Friday, July 28, 2006

Maxed Out Mama Talks Funny Money Loans

She worries that the adjustable loans will end up causing problems because people will owe nearly 100% more than their original loan amount when it is all said and done.

See what I mean about funny money loans? The borrower's payments in the first example go:
Year 1: $824 - 76 (second paid by Beazer) = $748
Year 2: $886 + $529 = $1,415
Year 3: $953 + $529 = $1,482
Year 4: $1,024 + $529 = $1,553
Plus, to achieve the low initial down payment the borrower is signing up for negative amortization, which means that their loan balance rises for a while instead of dropping. The first mortgage is adjustable too, so the payments could go even higher. Very few people who take this deal would be able to keep the house, because unless they brought money to the table they would almost certainly be unable to refi out of it (without double digit price inflation, which is no longer in the cards). The second example is no better.
So big whup, right? You have a good job, your health and the mortgage is fine. Or, you plan to move and the market is fine. Not so fast, there professor.

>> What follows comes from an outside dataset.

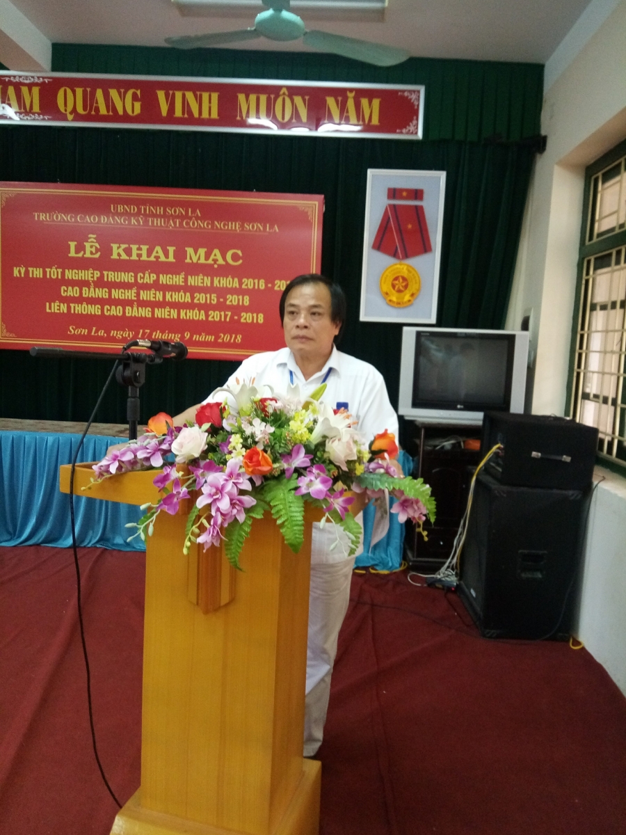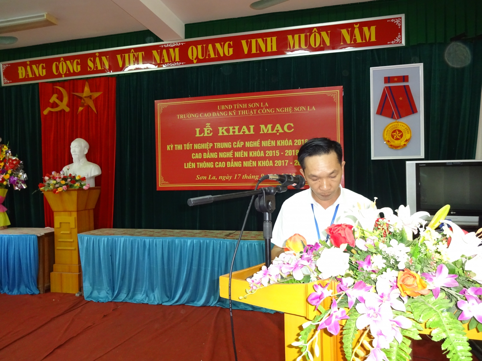 » Học tập, quán triệt và triển khai thực hiện các nghị quyết Hội nghị lần thứ 7, Ban Chấp hành Trung ương Đảng, khóa XII (16.08.2018 ) » Hội nghị tổng kết năm học 2017 - 2018 (24.07.2018 ) » Bế mạc Hội thi giáo viên dạy giỏi năm học 2017 - 2018 (18.05.2018 ) » Khai mạc Hội thi giáo viên dạy giỏi năm học 2017 - 2018 (18.05.2018 ) » Họp tất niên xuân Mậu Tuất 2018 (05.02.2018 ) » Học tập, quán triệt và triển khai thực hiện các nghị quyết Hội nghị lần thứ 6, Ban Chấp hành Trung ương Đảng, khóa XII (05.02.2018 ) » Đại hội Công đoàn cơ sở lần thứ XX nhiệm kỳ 2017 – 2022 (12.12.2017 ) » Tọa đàm kỷ niệm 35 năm ngày Nhà giáo Việt Nam 20/11. (27.11.2017 ) » Hội nghị Công chức, viên chức năm học 2017 - 2018 (01.11.2017 ) » Khai giảng năm học mới 2017 - 2018 (21.10.2017 ) Sáng ngày 17/9/2018,Trường Cao đẳng kỹ thuật công nghệ Sơn La đã long trọng tổ chức khai mạc kỳ thi tốt nghiệp Cao đẳng nghề, niên khóa 2015-2018; Cao đẳng liên thông khóa 2017-2018 và Trung cấp nghề, niên khóa 2016-2018. Dự lễ khai mạc có đồng chí Cao Minh Hà - Bí thư Đảng bộ, Hiệu trưởng nhà trường; Các trưởng, phó phòng, khoa chức năng, các thầy, cô giáo trong Hội đồng thi, Ban coi thi, chấm thi và 70 học sinh, sinh viên hệ chính quy tại trường đại diện cho 343 HSSV tham dự thi tốt nghiệp năm 2018.

When you look at new home sales figures and prices keep the above example in mind, because it is certainly not unique. I hope this helps you to understand why the downside to this market is so huge. In many cases, "homeowners" will never be able to make even their first reset payment. There are cases of people unable to make their very first mortgage payment.

If you think this is funny, consider the impact on your home value. Sure, you may have signed up for a 30 year fixed-rate last year when you bought. But your home's value will be depressed when the forced sales from this type of maneuver start rolling back onto the market en masse. When you find your home worth less four years from now in nominal dollars than it is today, you'll understand what a brutal racket this has been. [emphasis added, ed.]

I never thought I would become a wild-eyed consumer activist, but at this point all I want to do is find some public interest law firm and give them the ammo to sue the britches right off these and similar people. You see, I calculate loans and consumer disclosures, and I can usually find some sort of error in about 50% of RESPA loan document packages (although that isn't true for my banks). And Hillary? Hillary with her proposal to offer downpayment assistance? Hillary is looking after the Beazers of the world, and not the people she claims to want to help. Watch her campaign finance contributions - you'll see. Because a $5,000 taxpayer-funded downpayment gives a lot of room to roam for crooked outfits like this, and only abuses the "buyer".
Mama has been beating the drum of doom about the housing market. I'm not sure how this applies in a fairly valued market, versus a wildly over-valued market like in Florida. I'm guessing that over-valued areas are worse. People can't get out from under a mortgage they can't handle and even putting it up for foreclosure doesn't work--because values stink so bad no one can even pay that.


Gary said...

The last oil price plunge caused 20-60% drops in values of homes as thousands of foreclosed homes were dumped on the market.

I disagree with most all other opinions you express on this site however.

For example, the ACLU defends everybody, especially the people they most disagree with.

Dr. Melissa said...

The ACLU doesn't defend gun owners. They don't defend posting the 10 Commandments. They don't defend people who believe that God-believing is legitimate American history deserving to be preserved.